Conference: CVPR 2026
arXiv: 2603.03967
Code: https://github.com/QianfengY/UniRain
Area: Image Restoration / Image Deraining
Keywords: Unified Deraining, RAG Data Distillation, Multi-objective Optimization, Mixture of Experts, Day/Night

TL;DR

The UniRain unified image deraining framework is proposed, which filters high-quality samples from million-scale public datasets through RAG-driven data distillation. Combined with an asymmetric MoE architecture and a multi-objective reweighted optimization strategy, it achieves consistently superior performance across four degradation types: rain streaks and raindrops (day/night).

Background & Motivation

  1. Background: Existing deraining methods are usually designed for specific degradation types (rain streaks, raindrops, night rain, etc.), and their performance drops significantly on other types.
  2. Limitations of Prior Work: Directly merging all public datasets (>2 million pairs) introduces issues with inconsistent data quality—some datasets have poor background quality or unrealistic synthesis, which interferes with model training.
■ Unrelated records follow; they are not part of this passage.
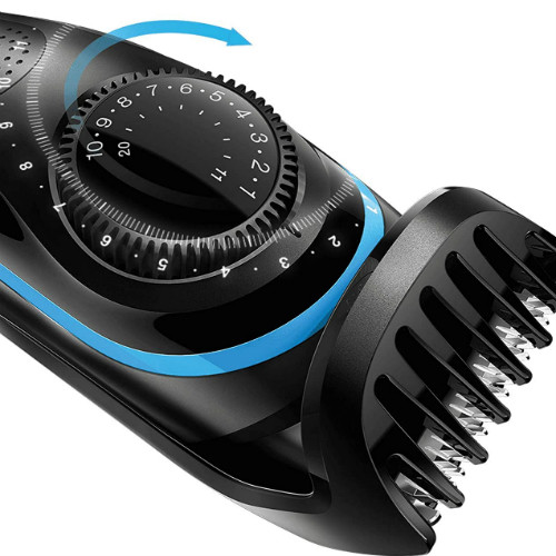 The short beard comb helps you maintain short to medium beards (0.5 – 10mm) and even clips your hair. Remove the comb for an even closer (0.5mm) trim. The precision dial allows you to achieve the exact desired length in 0.5mm steps.
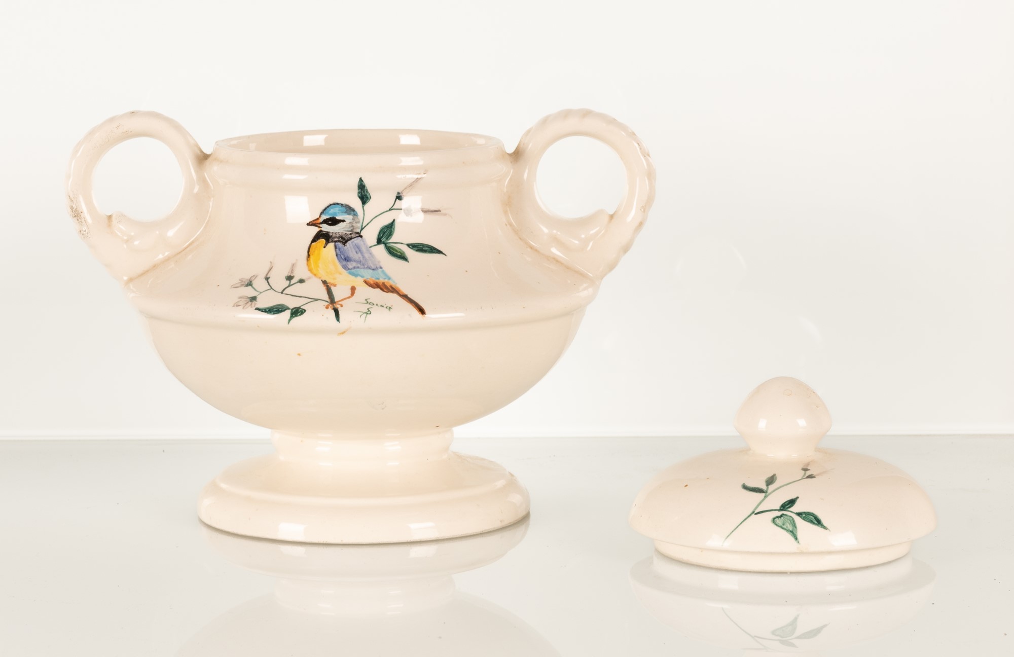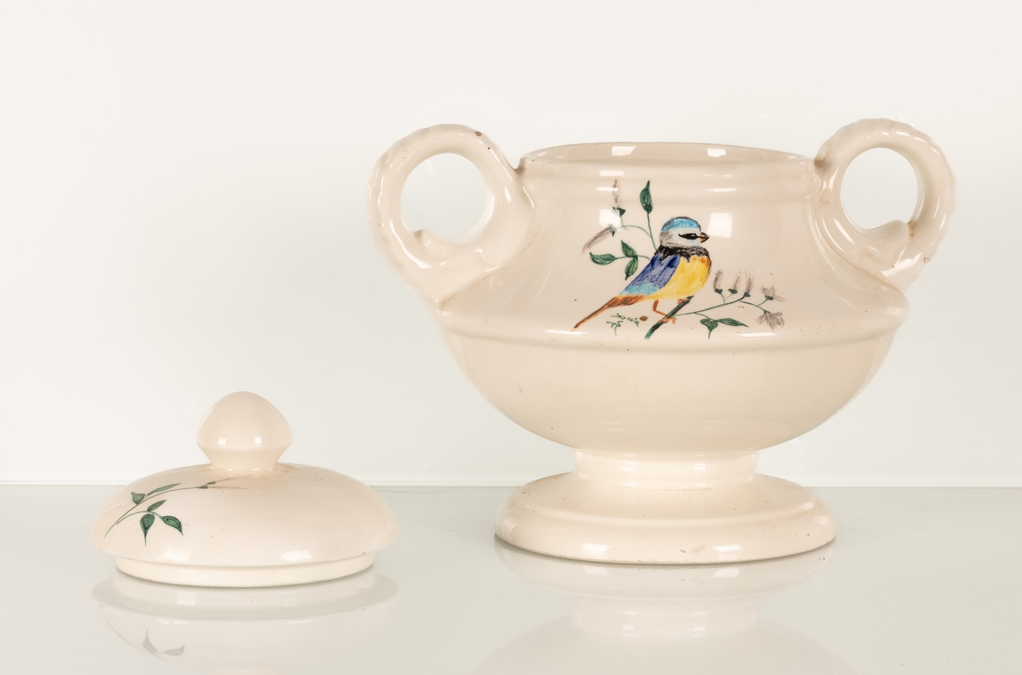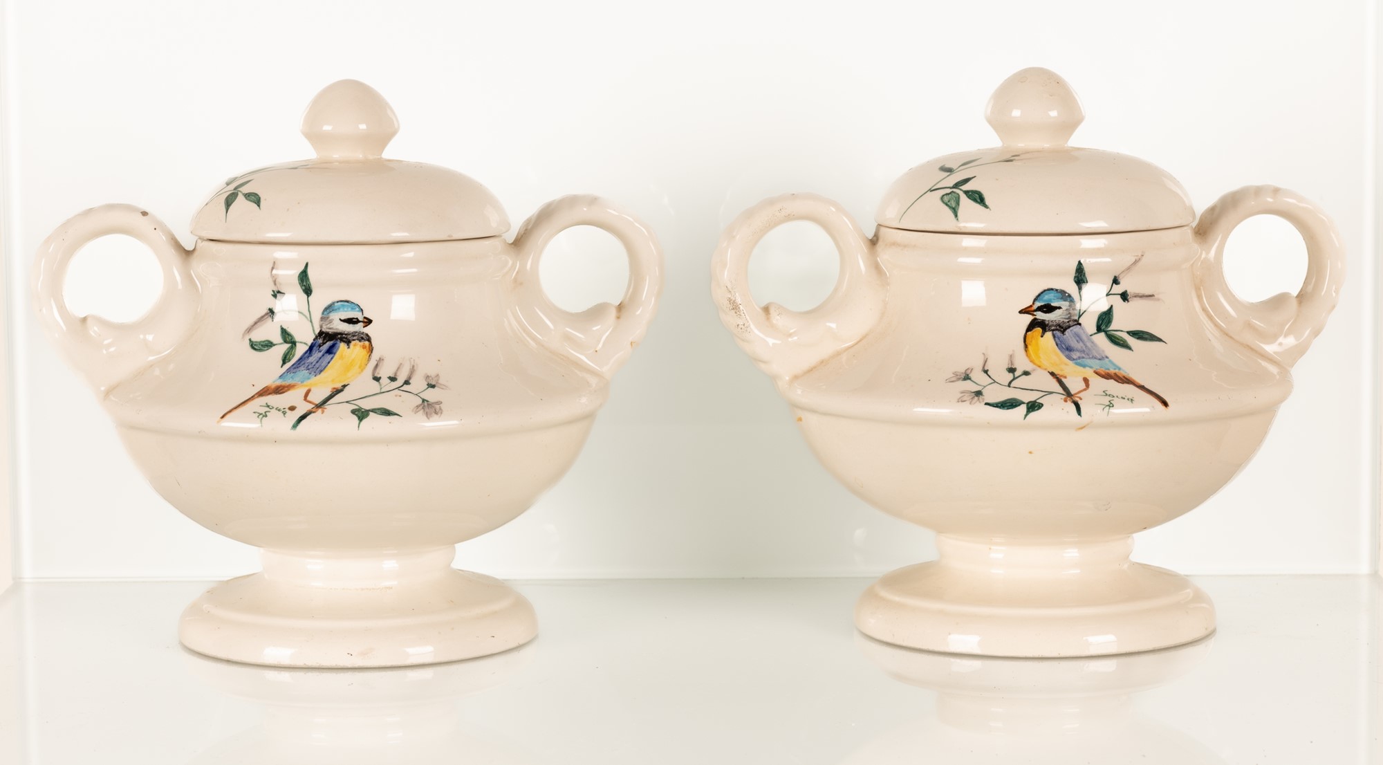 Coppia di vasi biansati con decoro a uccello.
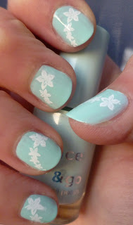 Gestampt mit Essence Stampy White und der Essence Schablone vom Stamping Set. Darüber wie immer Essie Good To Go.
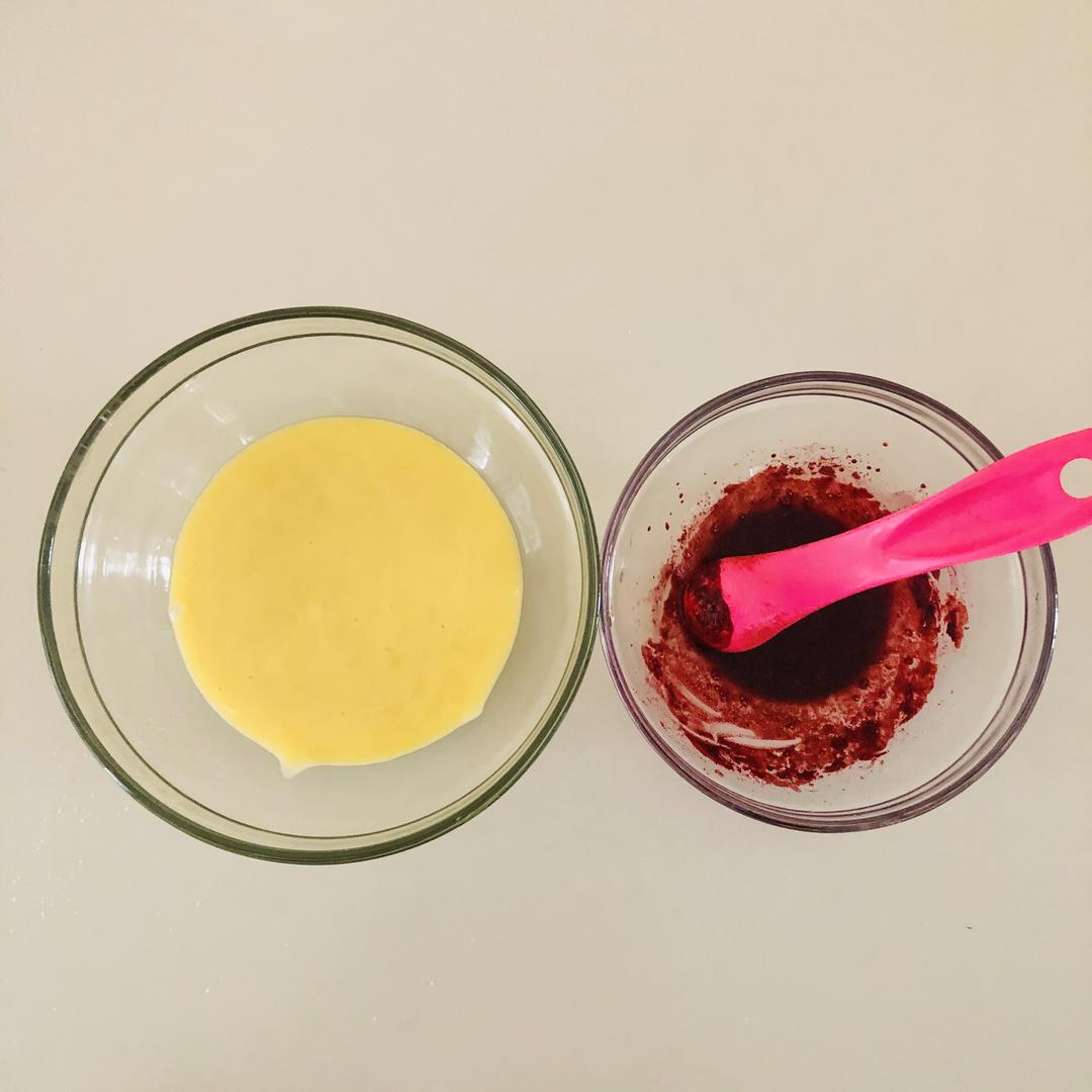 1克红曲粉用2克温水化开,倒入其中一份蛋黄糊中。
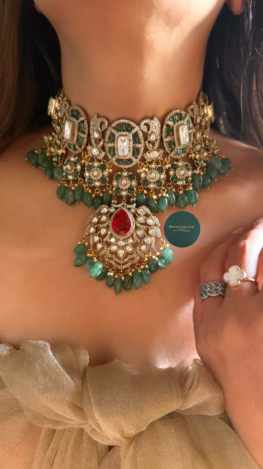 Emerald & Rani pink bridal Asia inspired statement choker (takkar work)
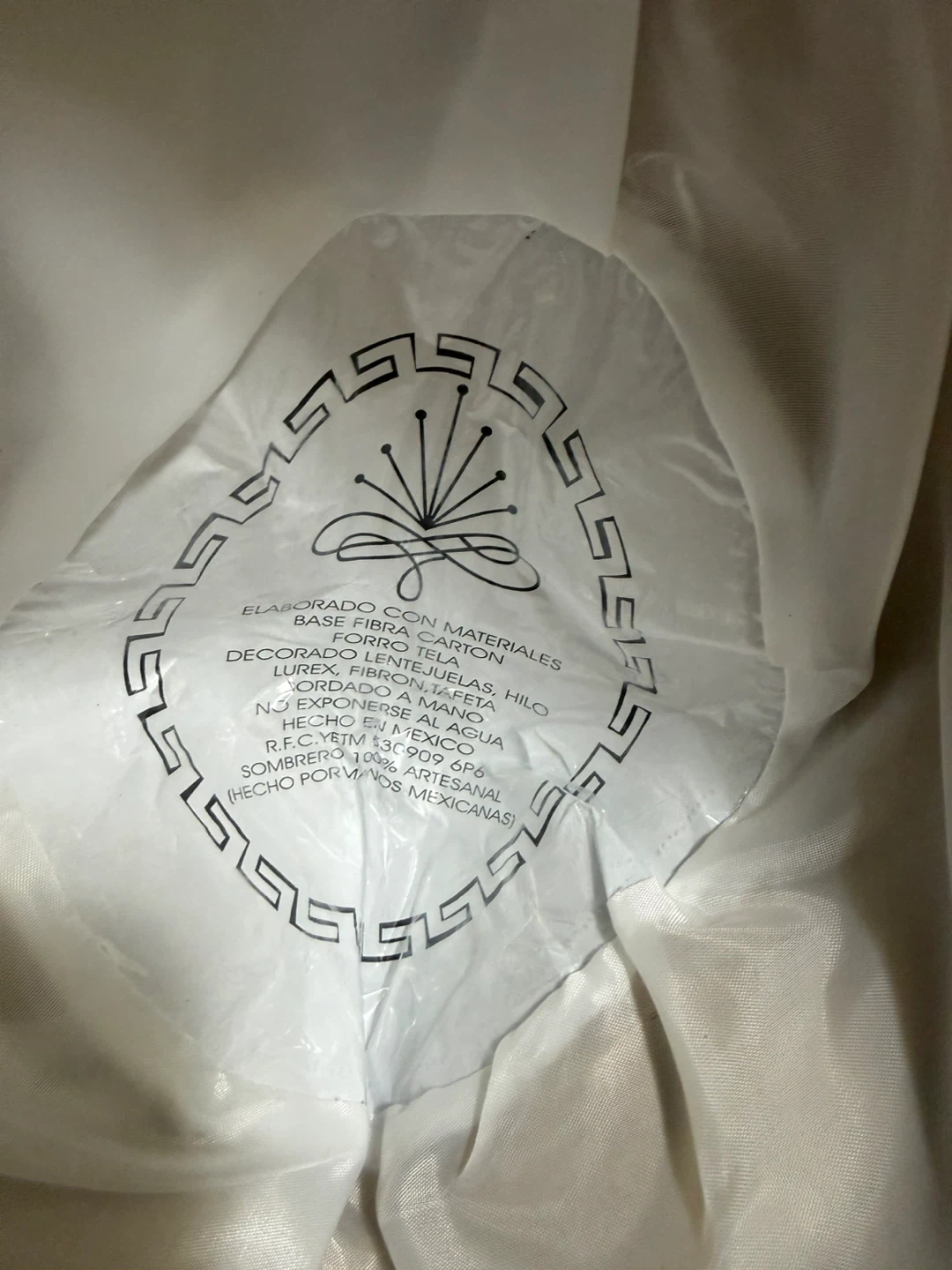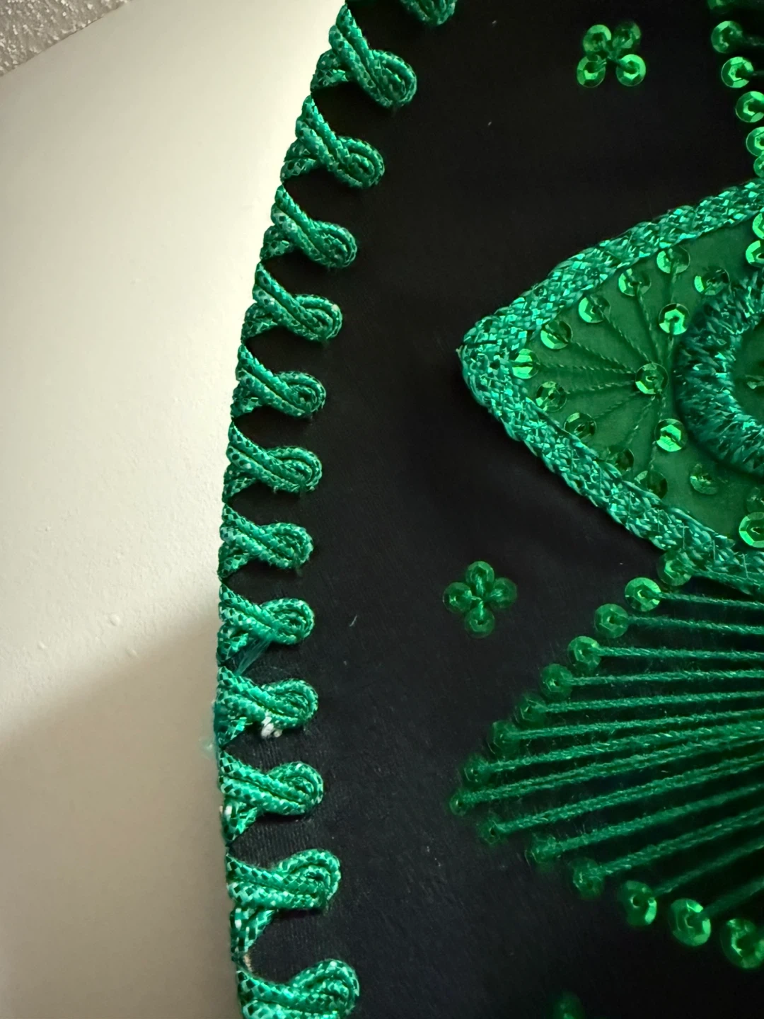 This is an authentic Mariachi charro sombrero, a traditional Mexican hat made with velvet fabric and embroidered with the colors of the Mexican flag.
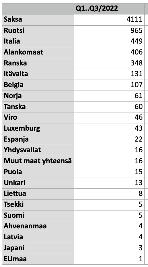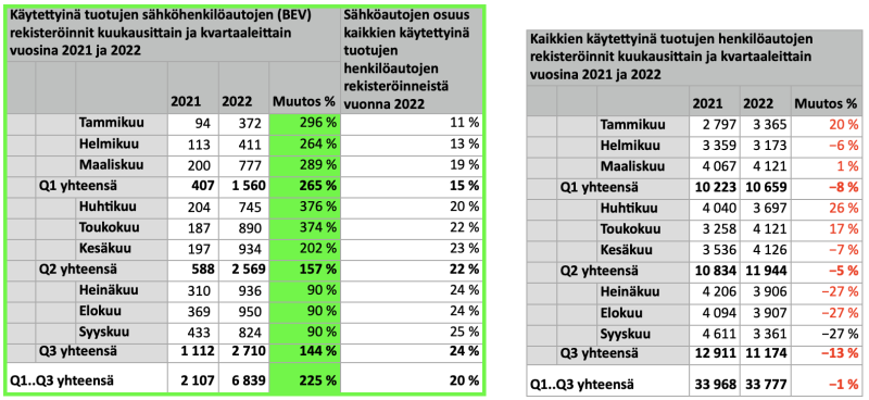 Q3/2022 rekisteröitiin Suomeen peräti 2 711 käytettynä tuotua sähköhenkilöautoa, jossa oli edelliseen vuoteen peräti 144 % kehitystä. Kaikista käytettyinä tuoduista henkilöautoista sähköautot olivat peräti 24 %, eli lähes neljänneksen Q3:lla. Kvartaalin sisällä heinäkuu oli siitä erityinen, että silloin tuotiin käytettyinä enemmän sähköautoja, kuin uusia rekisteröitiin.
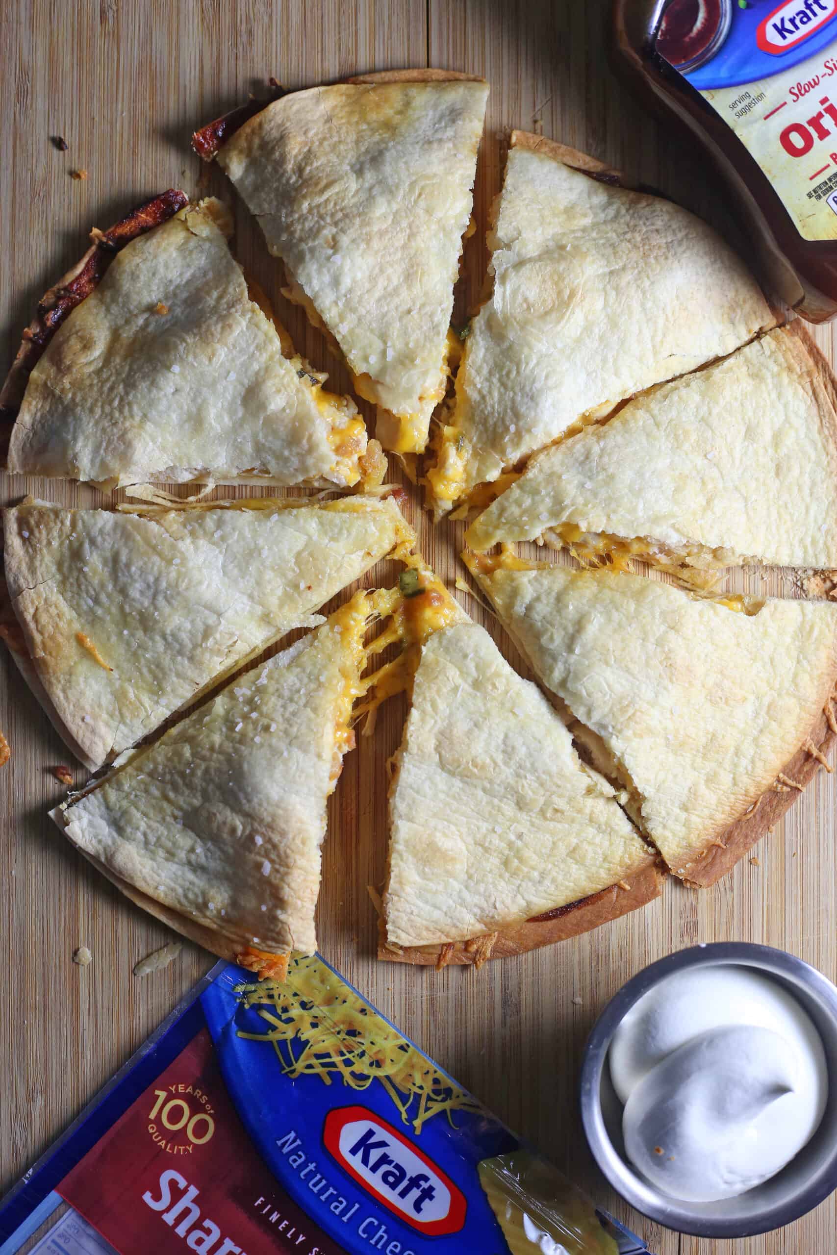 For all of my recipes, I like to take the approachable and affordable route to the ingredients. That is why you guys always see recipes on my blog where I am using ingredients and products by Kraft Heinz! Their food items are easily accessible at Walmart and pretty affordable no matter your budget. When making these quesadillas, you will need a few basic ingredients including Kraft® Barbecue Sauce and Kraft® Shredded Cheddar Cheese (which I love).

Training different degradation types with the same optimization objective leads to unbalanced learning.
  3. Key Challenge: Increasing data volume does not simply equate to better generalization. Different degradation types vary in difficulty; during unified training, models tend to overfit easy types (e.g., night rain streaks) while ignoring difficult types (e.g., day raindrops).
  4. Goal: A high-quality deraining model capable of unified processing for four rain degradation types.
  5. Key Insight: Use RAG distillation at the data end to filter reliable samples, and employ asymmetric MoE and multi-objective optimization at the model end to balance different types.
  6. Core Idea: Data quality is more important than data quantity; different degradation types require dynamically balanced optimization strategies.

Method

Overall Architecture

UniRain aims to process four rain degradations (day/night × rain streaks/raindrops) using a single model, based on the core judgment that "data quality is more valuable than data quantity, and different degradation types require dynamic balance." The work is split into two components: the data end first uses a RAG distillation pipeline to filter million-scale public data into 52,869 high-quality pairs (only 2.6%), ensuring the model is no longer fed with mixed-quality data; the model end uses an asymmetric MoE deraining network for reconstruction, with an additional multi-objective reweighting layer during training to dynamically weight the four types according to their respective convergence rhythms. The three designs below correspond to "what data to filter, how to build the network, and how to balance training."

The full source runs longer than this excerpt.